— Your objective —
Every line below from the one with "Kuigi kollektsioon koosneb" through the one with "1. 높이 10미터 이하인 부분 : 인접 대지경계선으로부터 1.5m 이상" should be retyped exactly, both ends included; no other lines and no pictures.

— Collection entries —

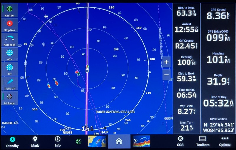 Ourselves and 3 other boats made arrangements to leave together. The picture below is of our radar screen, you can see the image of the other three boats astern of us and to port (behind on the left).
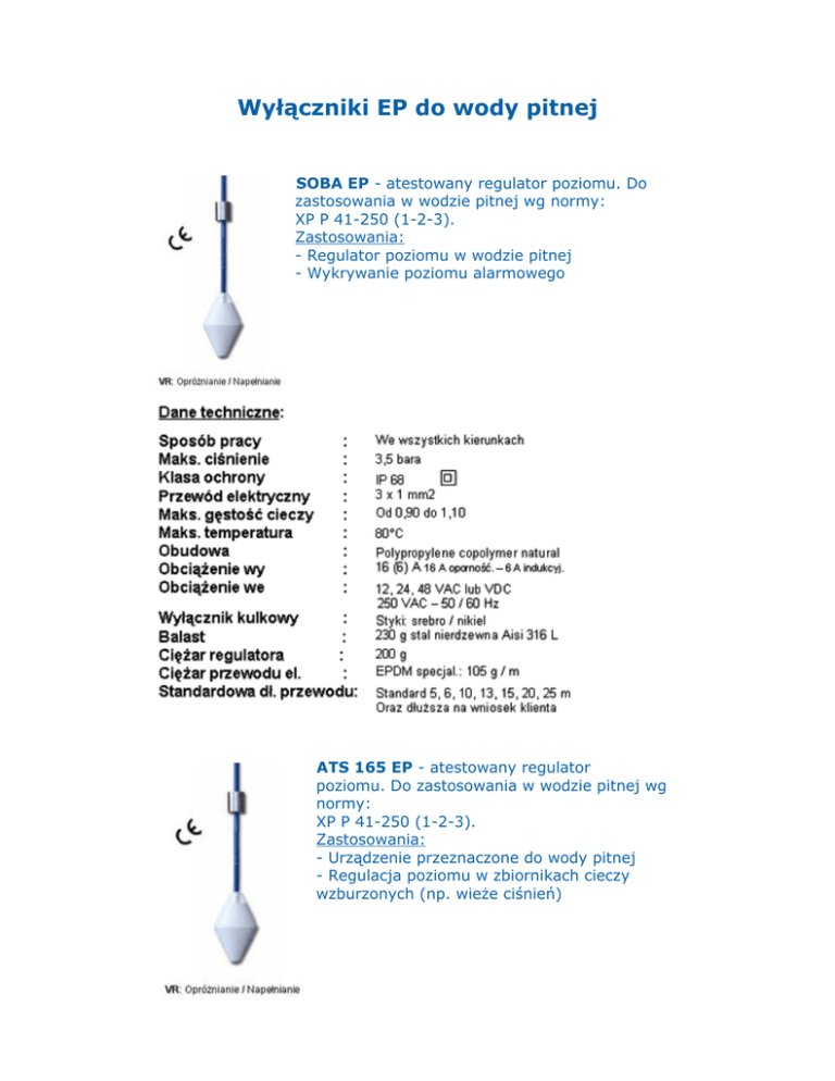 Wyłączniki EP do wody pitnej SOBA EP - atestowany regulator poziomu. Do zastosowania w wodzie pitnej wg normy: XP P 41-250 (1-2-3). Zastosowania: - Regulator poziomu w wodzie pitnej - Wykrywanie poziomu alarmowego ATS 165 EP - atestowany regulator poziomu. Do zastosowania w wodzie pitnej wg normy: XP P 41-250 (1-2-3). Zastosowania: - Urządzenie przeznaczone do wody pitnej - Regulacja poziomu w zbiornikach cieczy wzburzonych (np. wieże ciśnień)
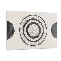 Glasbild - Bild auf glas - Schwarz-weißes abstraktes Muster mit konzentrischen Kreisen - 120x80cm - Wichtig ist, was dazwischen liegt - Moderne Wanddekoration für Wohnzimmer und Schlafzimmer ARTTOR
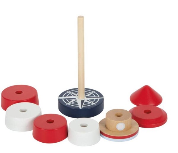 Deze stapeltoren sitmuleert zelfs de allerkleinsten om de zeven verschillende stapelelementen van de vuurtoren op grootte te sorteren en op elkaar te stapelen.
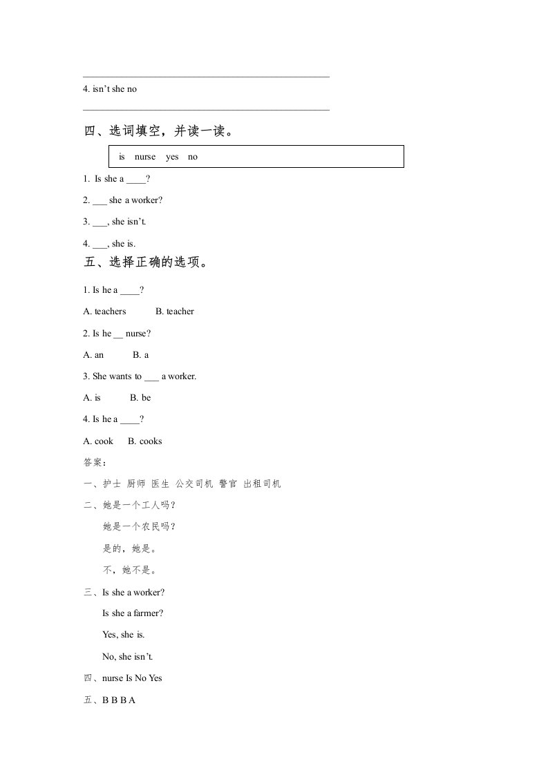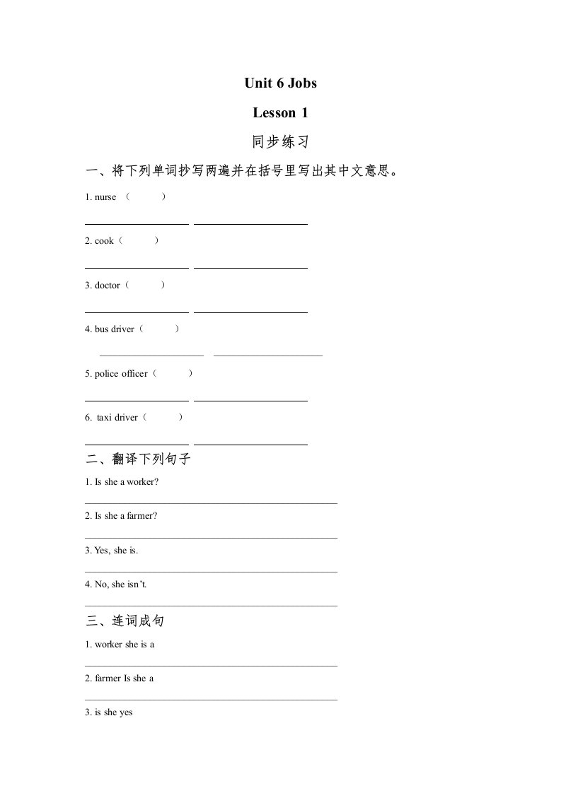 四年级英语上册Unit6JobsLesson1同步练习2(人教版一起点)_共3页
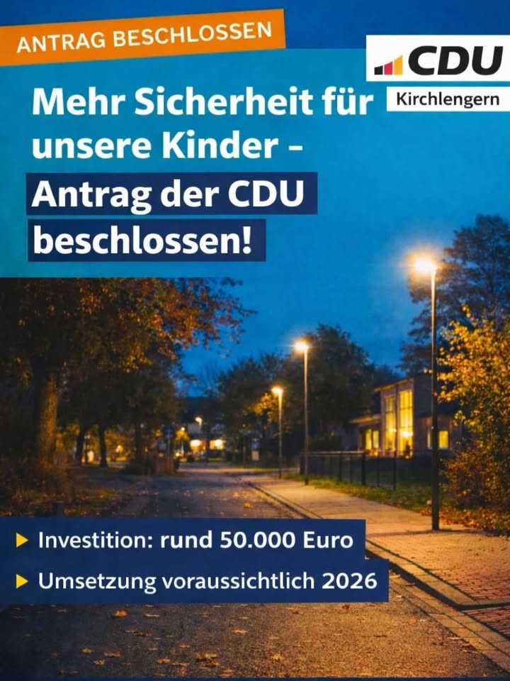 In der letzten Sitzung vom Ausschuss für Planung, Straßen und Verkehr der Gemeinde Kirchlengern wurde der CDU Antrag für die Verbesserung der Straßenbeleuchtung des Schulweges an der Grundschule Südlengern einstimmig beschlossen. Die Verwaltung hatte aufgrund des Antrages den Schulweg hinsichtlich der Beleuchtung überprüft und stellte dabei ebenfalls fest, dass die Straßenbeleuchtung an einigen Streckenabschnitten nicht ausreichend ist. In der Sitzung wurde dann von der Verwaltung berichtet, dass nun eine Neuerrichtung von 15 Leuchten, sowie das Versetzen von 5 Leuchten geplant ist. Ein entsprechendes Angebot wurde bereits angefragt. Es wird mit der Umsetzung der Maßnahme in den Jahren 2026/ 2027 gerechnet. Dadurch wird die Sicherheit der Schulkinder auf dem Schulweg erhöht. Die CDU Ratsfraktion bedankt sich bei der Verwaltung für die Umsetzung des Antrages und für die Zustimmung im Ausschuss. #sichererschulweg #mehrsicherheit #kirchlengern #wirkümmernuns #familie
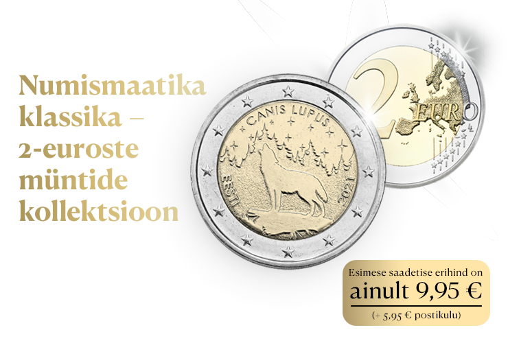 Kuigi kollektsioon koosneb meenemüntidest siis pakume teile seekord esimese saadetisena Eesti 2-eurost käibemünti, millel on meie rahvusloom hunt.
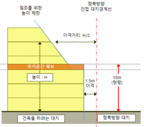 1. 높이 10미터 이하인 부분 : 인접 대지경계선으로부터 1.5m 이상
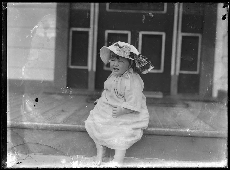 This photograph was created by William James Young in the early 20th century. A large variety of subjects are depicted in the collection, but family, rural life and travel are the most prominent themes. The exact location of the photographs in the Young Collection is unknown, but W J Young lived on a farm in Mt Stewart, Rangitikei, and some of the photographs include his house. The Young family were apparently avid travellers and photographs later in the collection feature scenes from Rotorua, Auckland, Whanganui, as well as other unidentified locations. The portraits are all unidentified, but are presumably of members of the Young family. The photographers parents were George Henry (b 1833) and Jane McDowell (b 1842, d 1916). They came to New Zealand in 1877. The same year, they bought the home farm on Mt Stewart and called it Kilrudden after Kilrudden House, the home of the McDowell family in Ireland. The couple had four children: Ann (b 1873), Margaret (b 1876), John (b 1878) and William James (b 1880). William James married Mary Elizabeth Thompson and they had four children: Doris (b 1914, d 1989), George (b 1916, d 1991), Royden McDowell (b 1925, d 1992) and Noel William (b 1927, d 2013).
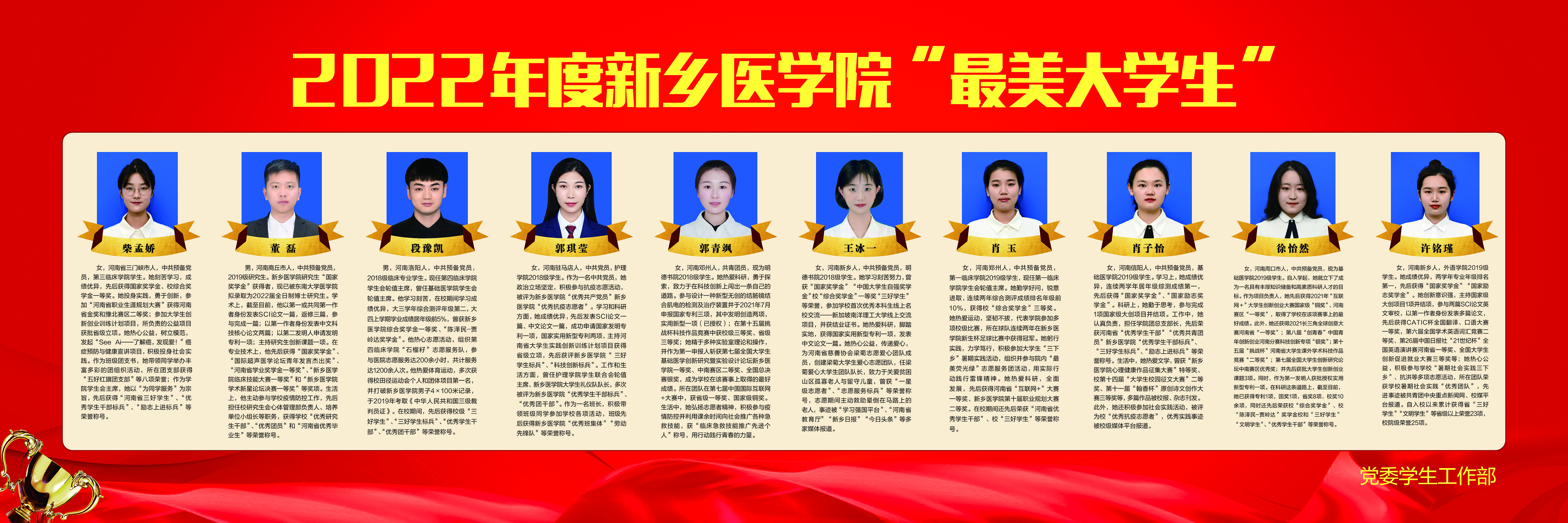 近日,我校组织开展2022年度“最美教师”和“最美大学生”评选活动。活动自启动以来受到了广大师生的广泛关注,经个人申报,基层单位推荐、资格审核、公众投票、专家组综合评议等环节,最终评选基础医学院王小引、药学院刘宇飞、生命科学技术学院关建义、护理学院张金华、医学院检验学院张黎琛、法医学院尚万兵、马克思主义学院罗会宇、第一临床学院岳修勤、医学人文学院段鹏超、第三临床学院娄政驰等10名教师为2022年度“最美教师”;第一临床学院肖玉、基础医学院肖子怡、明德书院王冰一 、基础医学院徐怡然 、研究生处董磊、第三临床学院柴孟娇 、明德书院郭青飒 、外语学院许铭瑾、护理学院郭琪莹、第四临床学院段豫凯等10名大学生为2022年度“最美大学生”。
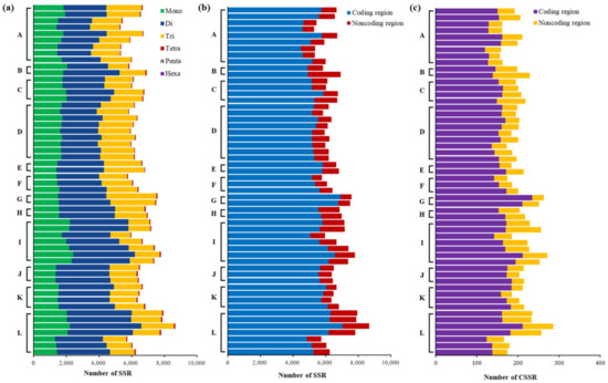 Figure 4. The SSR and CSSR distribution patterns of 54 Parasynechococcus-like strains genomes: (a) distribution according to SSR repeat type; (b) SSR distribution according to coding and non-coding regions; and (c) CSSR distribution according to coding and non-coding regions. Data were presented by the subclades (A–L) identified in Figure 1b.
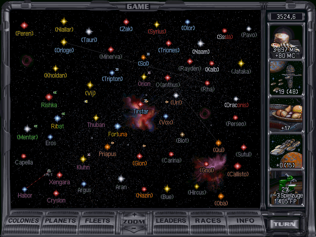 Die Galaxis nach 164 Zügen. Aus den ehemaligen Außenposten bei Xengara und Thuban sind Kolonien geworden. Die Nachbarn verhalten sich ruhig.
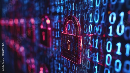 Digital Security Concepts with Binary Code, Lock Icon, and Futuristic Technology Background for AI Adaptability

— Exercise result —
 Kuigi kollektsioon koosneb meenemüntidest siis pakume teile seekord esimese saadetisena Eesti 2-eurost käibemünti, millel on meie rahvusloom hunt.
 1. 높이 10미터 이하인 부분 : 인접 대지경계선으로부터 1.5m 이상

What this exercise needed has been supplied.